Genome-wide Replication Fork Direction and Origin Efficiency from Time-Course Data

(A) Replication profile for chromosome 4 (as described for Figure 1A).

(B) Proportion of leftward-moving forks across chromosome 4 inferred from replication-time-course data. Vertical lines mark the location of active origins, at each of which there is a sharp transition from leftward- to rightward-moving forks.

(C) Proportion of leftward-moving forks for 50 kb regions centered on ARS422 (left), ARS601/ARS602 (center), and ARS606 (right). Red vertical lines indicate the magnitude of the transition from leftward- to rightward-moving forks and the efficiency of the origin. Black diamonds indicate the proportion of leftward-moving forks at four chromosome 6 locations as previously determined by fork-direction gels (Friedman et al., 1997); for the location to the left of ARS606, the value was determined to be >75% and origin activity was estimated to be 74%.

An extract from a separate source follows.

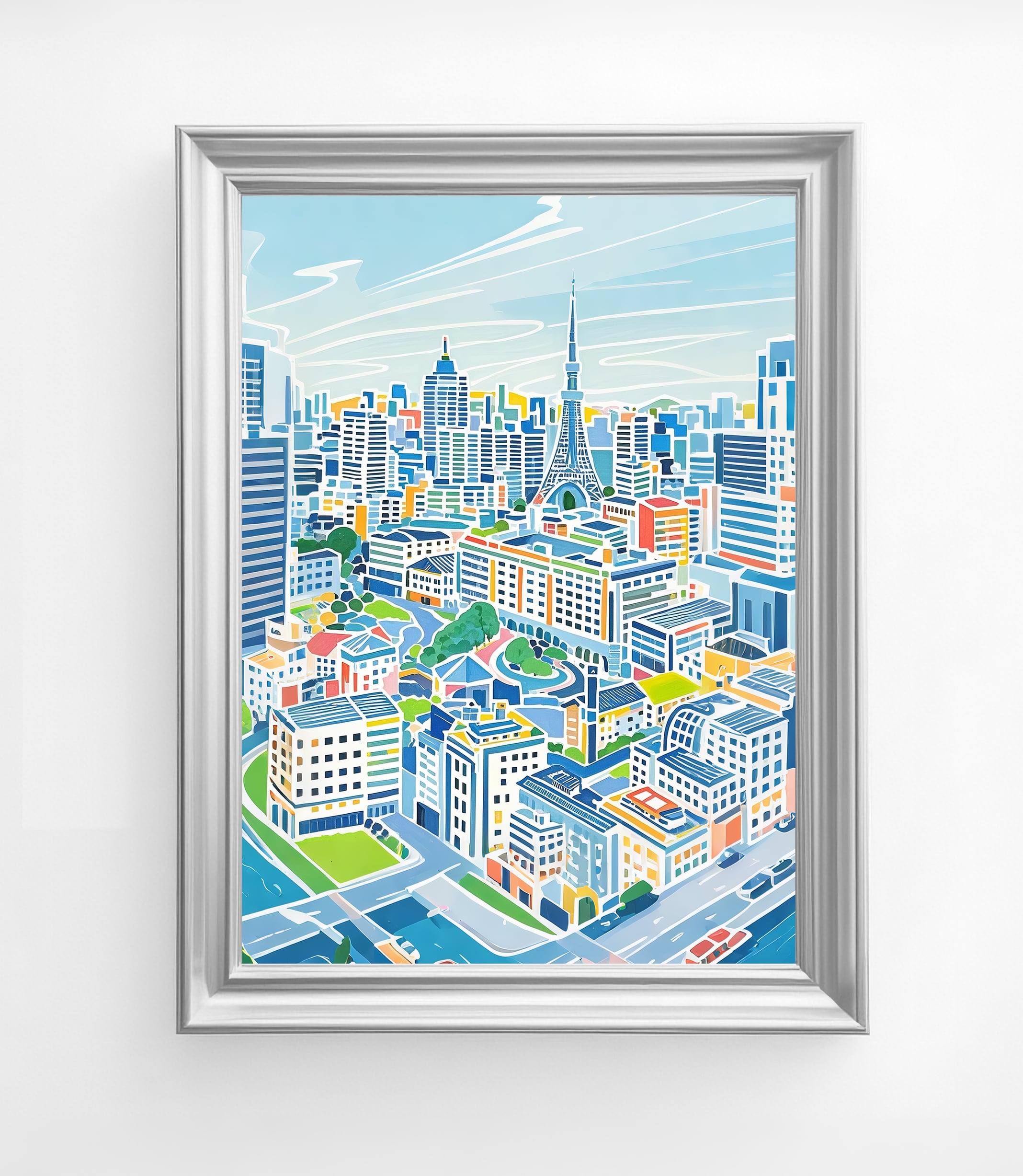 また、東京タワーを中心に据えた構図は象徴性が強く、観る人に「都市のランドマーク」としての安心感と親近感を与えます。細部の表現もシンプルながら情報量が豊富で、都会のリズムや多様性を感じさせる仕上がりです。

(D) Proportion of leftward-moving forks across chromosome 4 derived from mapping Okazaki fragments. Grey shading indicates the raw data with a fitted curve shown in black (origin locations are marked as in [B]; Smith and Whitehouse, 2012).

(E) Replication time expressed as relative copy number derived from Okazaki fragment data (red; Smith and Whitehouse, 2012) or directly by deep sequencing (blue; Müller and Nieduszynski, 2012).

(F) Pairwise comparisons of origin efficiency determined from the time-course data, from fork-direction gels (Friedman et al., 1997), and from mapping Okazaki fragments (Smith and Whitehouse, 2012). Pearson correlation coefficients are given (p < 0.0001).